Exercise instructions
Here the job is to copy the data exactly and to exclude every image from it.

(Material for this exercise begins)

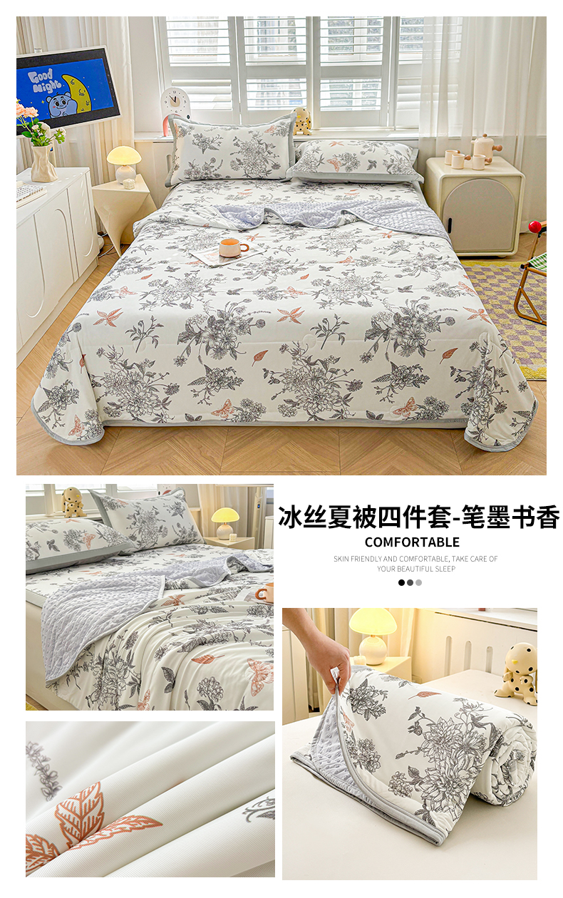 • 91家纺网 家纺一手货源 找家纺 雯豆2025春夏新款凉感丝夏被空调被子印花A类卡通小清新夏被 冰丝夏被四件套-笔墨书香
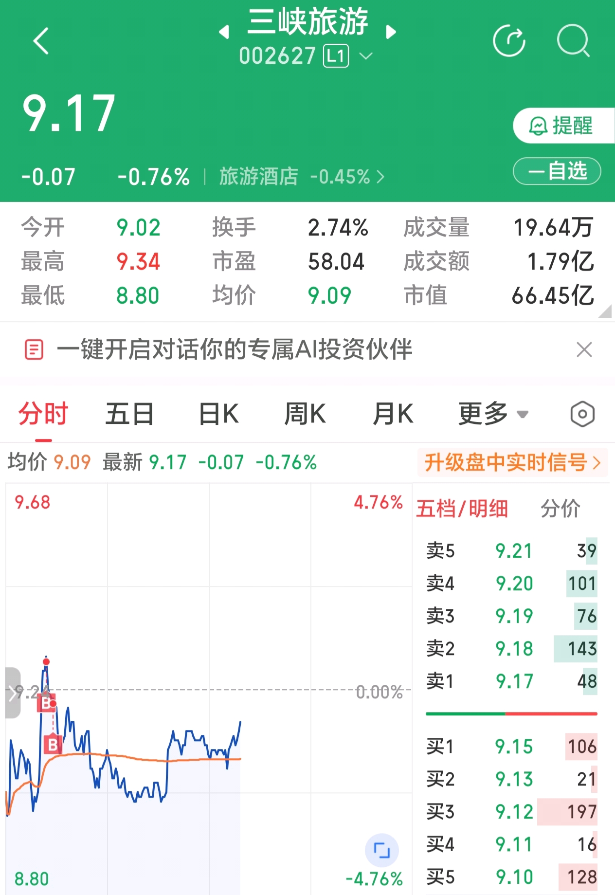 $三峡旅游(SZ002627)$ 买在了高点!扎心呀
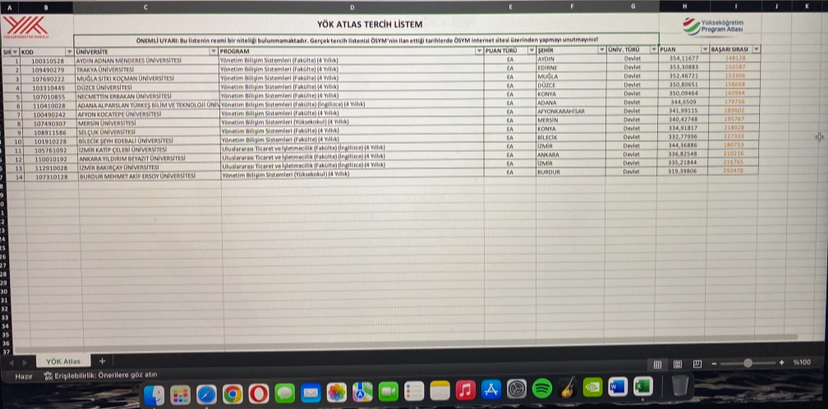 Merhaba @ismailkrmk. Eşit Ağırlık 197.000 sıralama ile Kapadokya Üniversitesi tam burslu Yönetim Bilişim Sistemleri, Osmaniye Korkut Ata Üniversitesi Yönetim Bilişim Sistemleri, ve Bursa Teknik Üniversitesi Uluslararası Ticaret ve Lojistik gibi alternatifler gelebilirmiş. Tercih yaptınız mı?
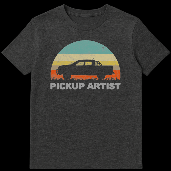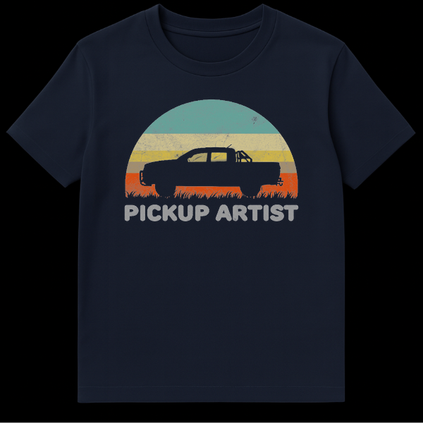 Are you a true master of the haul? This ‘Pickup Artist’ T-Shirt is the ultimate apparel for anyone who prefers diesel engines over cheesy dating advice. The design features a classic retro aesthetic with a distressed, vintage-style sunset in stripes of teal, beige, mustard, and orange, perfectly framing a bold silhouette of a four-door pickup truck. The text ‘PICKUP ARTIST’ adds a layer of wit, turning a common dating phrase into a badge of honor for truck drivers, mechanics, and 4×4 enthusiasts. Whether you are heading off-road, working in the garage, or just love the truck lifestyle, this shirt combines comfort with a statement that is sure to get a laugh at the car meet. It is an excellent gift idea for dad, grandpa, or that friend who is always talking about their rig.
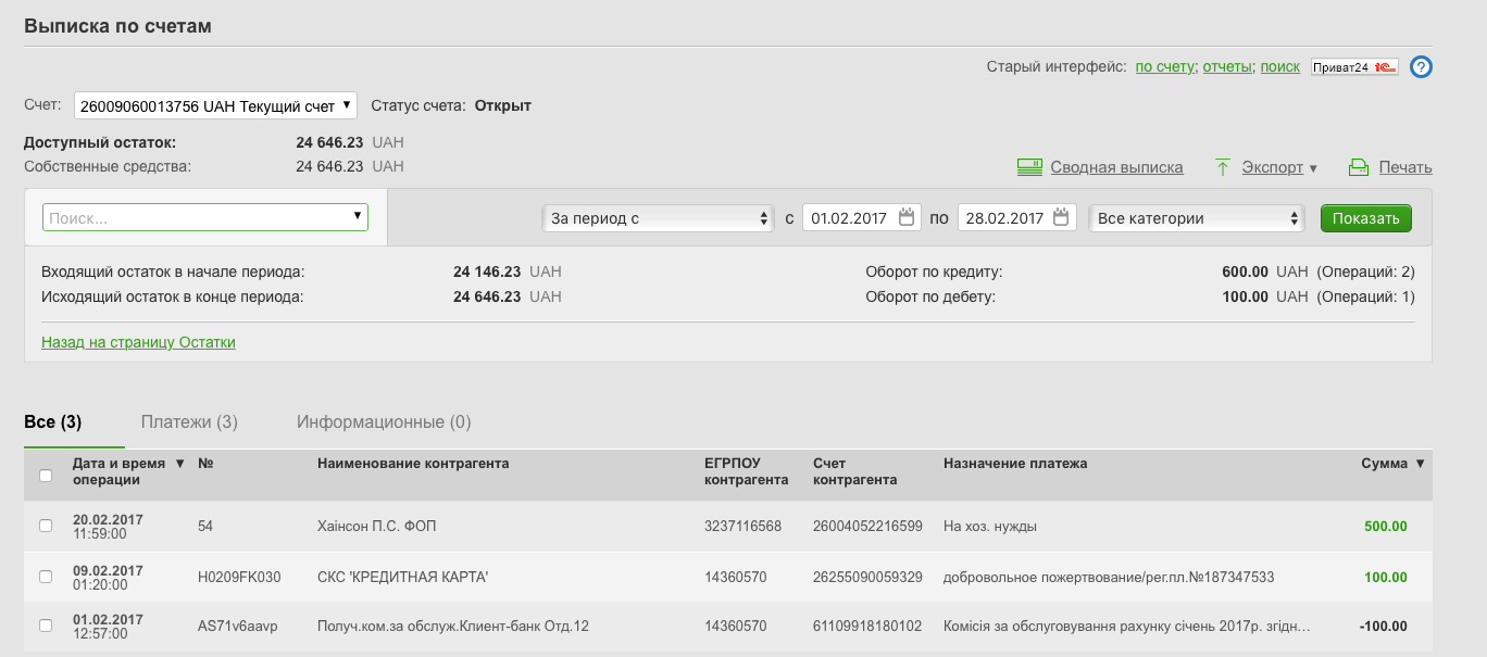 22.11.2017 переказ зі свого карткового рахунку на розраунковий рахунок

(Material for this exercise ends)

Expected answer
 • 91家纺网 家纺一手货源 找家纺 雯豆2025春夏新款凉感丝夏被空调被子印花A类卡通小清新夏被 冰丝夏被四件套-笔墨书香
 $三峡旅游(SZ002627)$ 买在了高点!扎心呀
 Merhaba @ismailkrmk. Eşit Ağırlık 197.000 sıralama ile Kapadokya Üniversitesi tam burslu Yönetim Bilişim Sistemleri, Osmaniye Korkut Ata Üniversitesi Yönetim Bilişim Sistemleri, ve Bursa Teknik Üniversitesi Uluslararası Ticaret ve Lojistik gibi alternatifler gelebilirmiş. Tercih yaptınız mı?
 Are you a true master of the haul? This ‘Pickup Artist’ T-Shirt is the ultimate apparel for anyone who prefers diesel engines over cheesy dating advice. The design features a classic retro aesthetic with a distressed, vintage-style sunset in stripes of teal, beige, mustard, and orange, perfectly framing a bold silhouette of a four-door pickup truck. The text ‘PICKUP ARTIST’ adds a layer of wit, turning a common dating phrase into a badge of honor for truck drivers, mechanics, and 4×4 enthusiasts. Whether you are heading off-road, working in the garage, or just love the truck lifestyle, this shirt combines comfort with a statement that is sure to get a laugh at the car meet. It is an excellent gift idea for dad, grandpa, or that friend who is always talking about their rig.
 22.11.2017 переказ зі свого карткового рахунку на розраунковий рахунок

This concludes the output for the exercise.